As soon as scholars began to show a keener and more detailed interest in folk-songs and Macedonian music, a succession of increasingly large and varied collections appeared, which become the object of more careful research.
In the 1850s, when the period of the Macedonian renaissance began, various collectors of songs and Macedonian music were active and a great many works conceived and created in preceding centuries were published, among which folk-songs and music were of the first importance.
The ideas inspiring the renaissance of the Macedonian people were often manifested through a series of folklore activities, which was no accident when one remembers that this people had been fighting for independence for many years, so that these activities appeared one of the most notable cultural and artistic expressions. Consequently, the frequent publications of Macedonian folk-songs and Macedopnian music suggested a deeper study of them. But this was extremely difficult because the publications of these folk-songs were disseminated outside Macedonia, as was the case with the "Collection" of the Miladinov brothers, published in Zagreb in 1861, and other works of the kind, while Macedonia groaned under the Turkish yoke. Therefore, these Macedonian folk-music and songs were often published in Bulgaria, which had gained its independence shortly before.
At that time, too, there were many others interested in folk-songs and Macedonian music , such as Dimitar Miladinov, Kusman Shapkarev, Panajot Ghinovski, Marko Tsepenkov, Partenia Zografski, Georgi Pulevskl, Eftim Sprostranov, Vassil Ikonomov, Dimitar and Vassil Molerov, Nam Tahov and Atanas Iliev. Moreover, the various problems connected with Macedonian folklore were treated in a .number of books, such as those by Efrem Karanov, Dimitar Matov, Anton P. Stoilov, and others. These researches are still being pursued today by several foreign students. Thus, for example, the Czechoslovakian Academy of Sciences published a collection of Macedonian folk-tales under the title of Lidove povidky jihomakedonske, edited by Juri Polivka and Petar Lavrov, in Prague in 1932. Juri Polivka also published an essay on the significance of Macedonian folk-art and its place in the world. The well-known French Slavonic scholar, Andr Mazon, published in Paris his collections of Macedonian folk music and songs: Contes slaves de la Macdoine sud-occidentale (1923) and "Documents, contes et chansons slaves de l'Albani'e du Slid" (1936).
There is no aspect of the suffering and oppressed life of the Macedonians that has not inspired folklore music and songs. There are songs for births, weddings, the daily toil, struggles, and the grave. Thus the folk song is a source for the history of the life of the Macedonian people. Expressed for many centuries in authentic verses, the folk song has the merit of being a real historical record in addition to its artistic value.

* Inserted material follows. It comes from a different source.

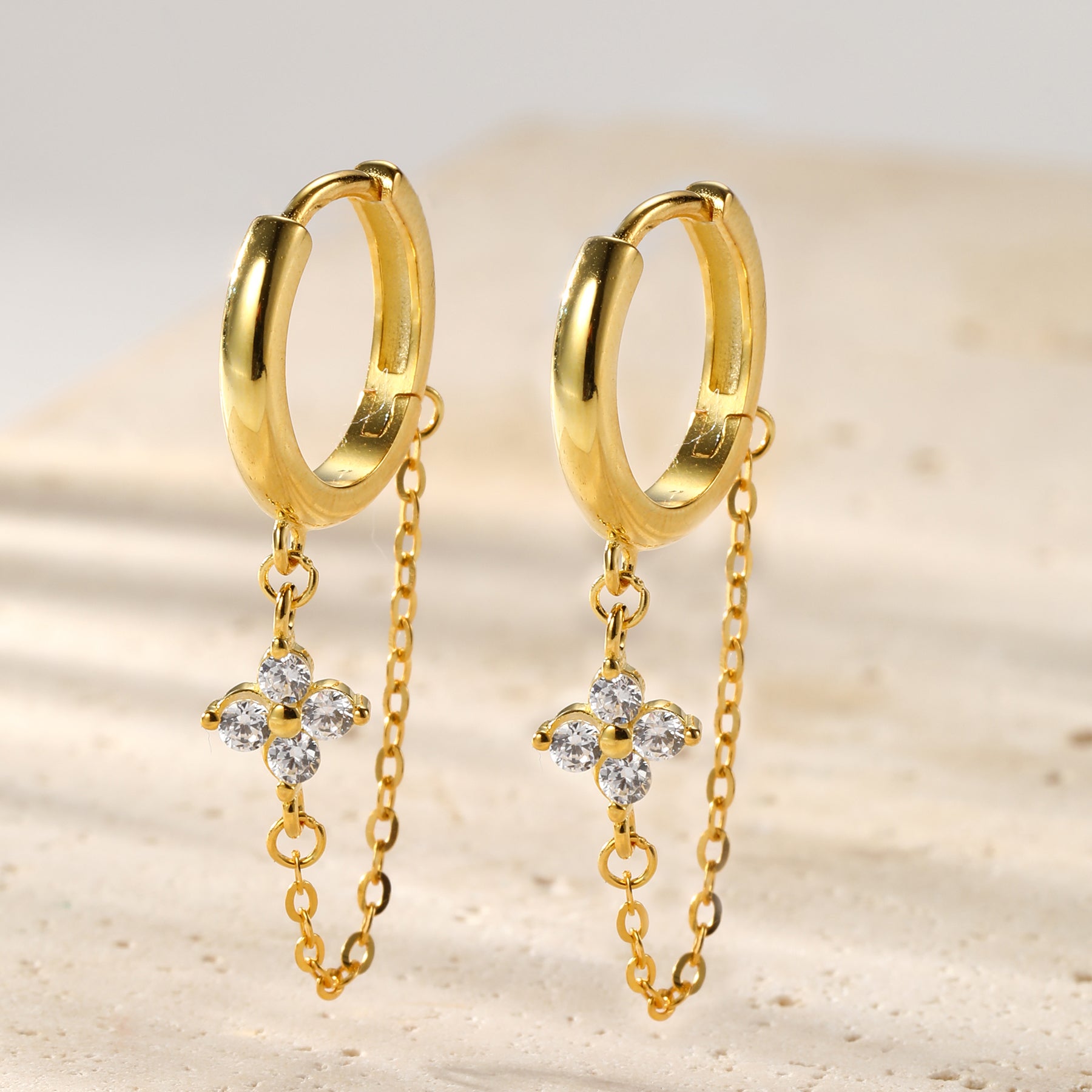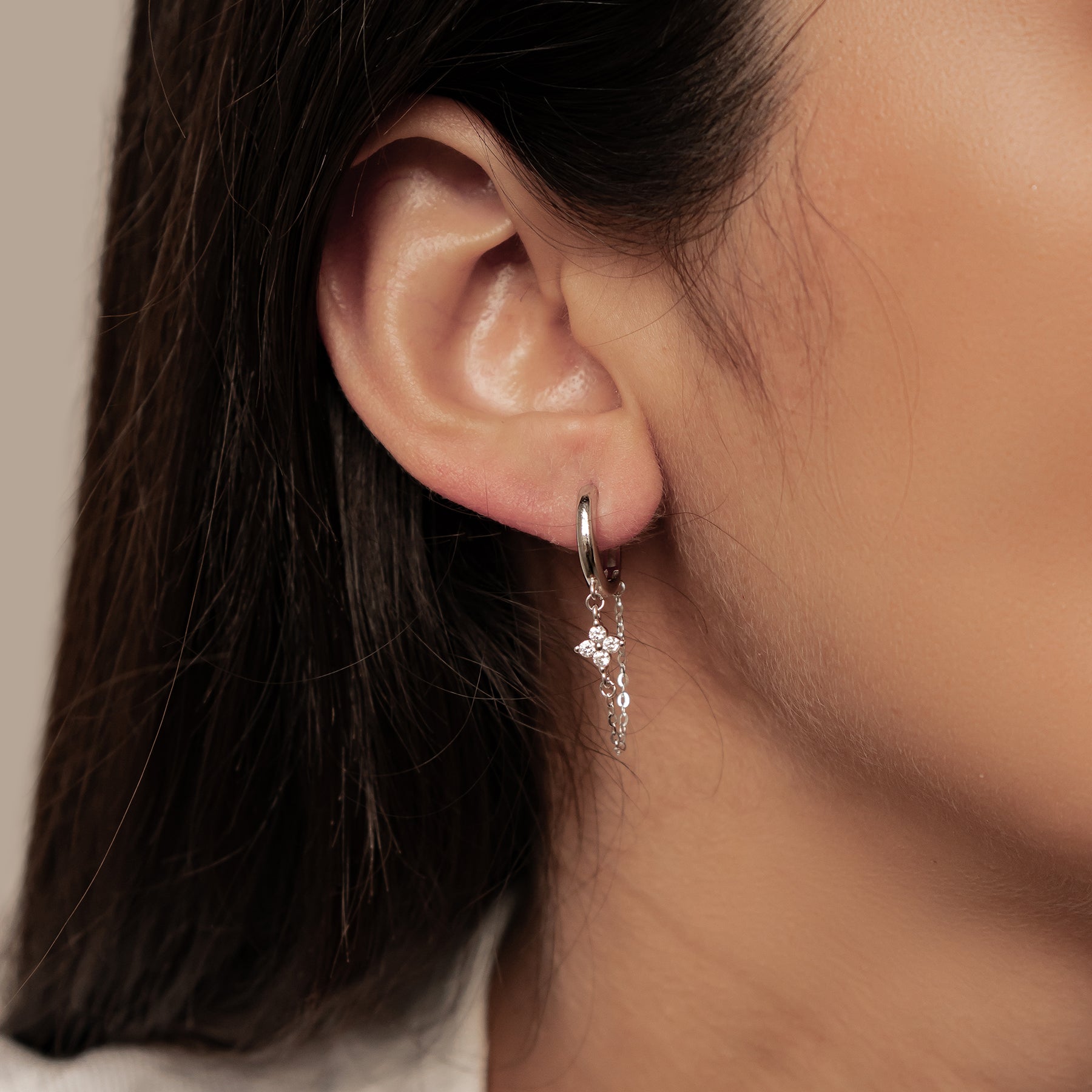 Funkelnde Blüten-Creolen mit Ketten – Sterling Silber
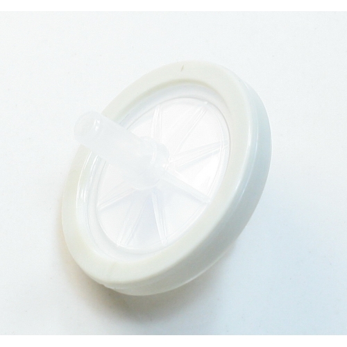 This filter can be mounted on a syringe. The filtering can be done by means of pushing the syringe without foreign pressure. The transparent high-polymer polypropylene material can be used for making the filter with high glossiness, small and dainty external form. In comparison with traditional filters, this filter has higher resistance to pressure . This filter has a good structure so as to insure wholeness of filter membrane and smoothly filtering.

They are songs, stories, parables, proverbs and riddles, into which the people seem to have infused all the innate genius of their race: heart-beats, tears and the mournful smiles of their life in captivity, together with the vague memory of better times, always far away. These songs accompany the Macedonian always and everywhere: to pasture, during work, in rest, when travelling in company, in rites and ceremonies, at feasts and at funerals. They also express feelings of joy and affection, and often the lilt resembles the sound of simple, rustic musical instruments, like reed-pipes or flutes, such as the gajda or the kaval. At wedding feasts and banquets the choirs are usually accompanied by instruments, and although an oppressed people cannot be merry, nevertheless there are some wan rays of light, some faint gleams .of gaiety. Who composes them?No one and everyone, because by their very nature they are always anonymous and oral.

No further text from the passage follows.